值错误:合并时不允许使用负尺寸 [英] Value Error: negative dimensions are not allowed when merging

查看:112
本文介绍了值错误:合并时不允许使用负尺寸的处理方法,对大家解决问题具有一定的参考价值,需要的朋友们下面随着小编来一起学习吧!

问题描述

我正在将2个数据框合并在一起.它们最初是.csv文件,每个文件只有7 MB(2列和290,000行).我正在像这样合并:

I am merging 2 dataframes together. They are originally .csv files which are only 7 megabytes each (2 columns and 290,000 rows). I am merging like this:

merge=pd.merge(df1,df2, on=['POINTID'], how='outer')

在32位Anaconda中,我得到了:

and in 32-bit Anaconda I get:

ValueError: negative dimensions are not allowed

但是在64位Anaconda上出现内存错误.

but on 64-bit Anaconda I get a memory error.

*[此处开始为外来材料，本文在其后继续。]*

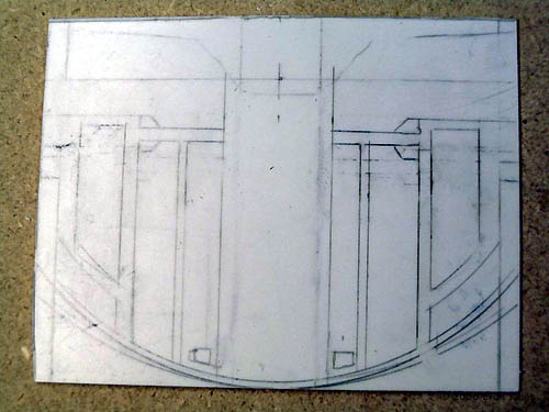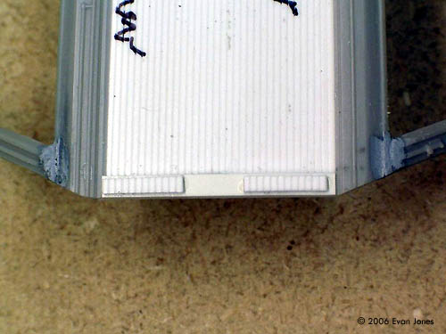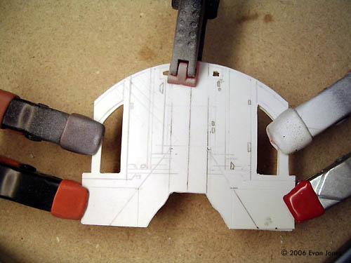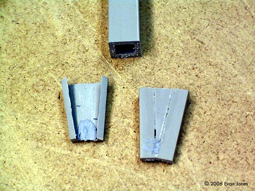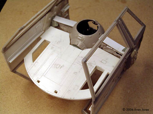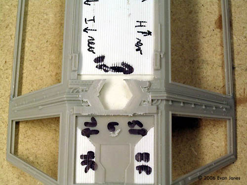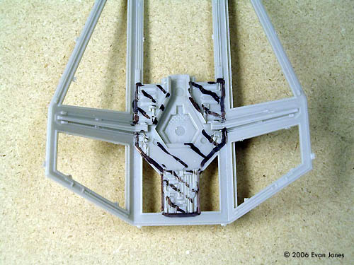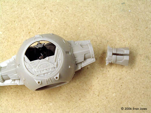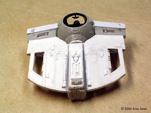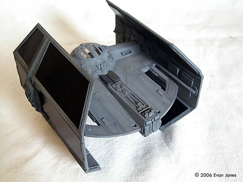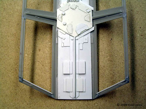 By turning the wings of the TIE Interceptor backwards, the front portion of the wings was pretty well done. The pattern of the solar panels is different than the TIE Fighter and is a raised, rectangular pattern. I thought that I would initially make castings of the existing solar panel inserts and splice them together to make the larger panels of the X1. However, this looked to be very time consuming and difficult to replicate accurately. In the end, I replaced all the solar panels with Evergreen V-Groove sheet styrene (number 2025, 0.64 mm (0.025) spacing 0.5 mm (0.020)). This gave some texture to the panel, although not perfectly accurate. The kit panels were used as templates for making V-Groove replacements. Care was needed because not all the panels were exactly the same some edges needed to be beveled to fit correctly into the frame. The longer top and bottom frames of the Interceptor wings were cut off. These were then cut and filed to make the longer back portion of the wing. There was just enough of the frame to complete the top and bottom of the wing. Styrene strips were used to build a frame for the center part of the wing. Using the MPC kit as a reference, various styrene sheets, strips and rods were used to add the detail to the inner part of the wings. The outer part of the X1 wings have a circular shape that is not quite the same as on the TIE Interceptor. A mold was made of the shape from the TIE Fighter and two pieces were cast from resin. These pieces were then cut to shape and added to the wing, with some putty used at the joints. The Pod Arms The arms connecting the pod to the wings are bulkier than the TIE Fighter/Interceptor kits. The arms were also at a different orientation with respect to the cockpit - flat on top and bottom, whereas the TIE Fighter/Interceptor arms were pointed. In addition, there were some mechanical details sunk into the arms that needed to be replicated. The conversion started by assembling the TIE Interceptor cockpit. This meant that the interior had to be built up first (see below under Darth Vader figure). The arms were cut off with a razor saw, turned 30° and glued back on. Sheet styrene strip 0.5 mm x 6.4 mm (0.020 x 0.25) was first added to the upper and lower arms. Sheet styrene 0.5 mm (0.020) thick was used to make the other sections of the arms. Openings were made for the inset details for both the front and back of the arms. Styrene shapes at 90° were cut and placed behind the rear openings. These were glued on and detailed with styrene rods of various thicknesses. The larger front openings were made from cutting square styrene tube, splicing in a triangular piece and adding to the arms. In order to minimize the use of putty, all the pieces were cut precisely and bevelled on certain edges to make the joints and gap free as possible. Panel lines were scribed to match the lines on the larger MPC kit, although they were simplified somewhat. I learned the hard way that the panels should be scribed before being glued on. The Body The X1 has an elongated body section on the back. There are two distinct sections to this

我有12 GB的RAM,并且只有30%的RAM被使用,因此它不应该是内存问题.我尝试在另一台计算机上遇到相同的问题.

I have 12 gigabytes of RAM and only 30% of it is being used so it should not be a memory issue. I tried on another computer and get the same issue.

推荐答案

在32位计算机上,默认的NumPy整数dtype为int32. 在64位计算机上,默认的NumPy整数dtype为int64.

On a 32-bit machine, the default NumPy integer dtype is int32. On a 64-bit machine, the default NumPy integer dtype is int64.

可由int32int64表示的最大整数是:

The largest integers representable by an int32 and int64 are:

In [88]: np.iinfo('int32').max
Out[88]: 2147483647

In [87]: np.iinfo('int64').max
Out[87]: 9223372036854775807

因此,由pd.merge创建的整数索引将在32位计算机上最多支持2147483647 = 2**31-1行,在64位计算机上最多支持9223372036854775807 = 2**63-1行.

So the integer index created by pd.merge will support a maximum of 2147483647 = 2**31-1 rows on a 32-bit machine, and 9223372036854775807 = 2**63-1 rows on a 64-bit machine.

理论上,通过outer连接合并的两个290000行DataFrame可能具有多达290000**2 = 84100000000行.自

In theory, two 290000 row DataFrames merged with an outer join may have as many as 290000**2 = 84100000000 rows. Since

In [89]: 290000**2 > np.iinfo('int32').max
Out[89]: True

32位计算机可能无法生成足以索引合并结果的整数索引.

the 32-bit machine may not be able to generate an integer index big enough to index the merged result.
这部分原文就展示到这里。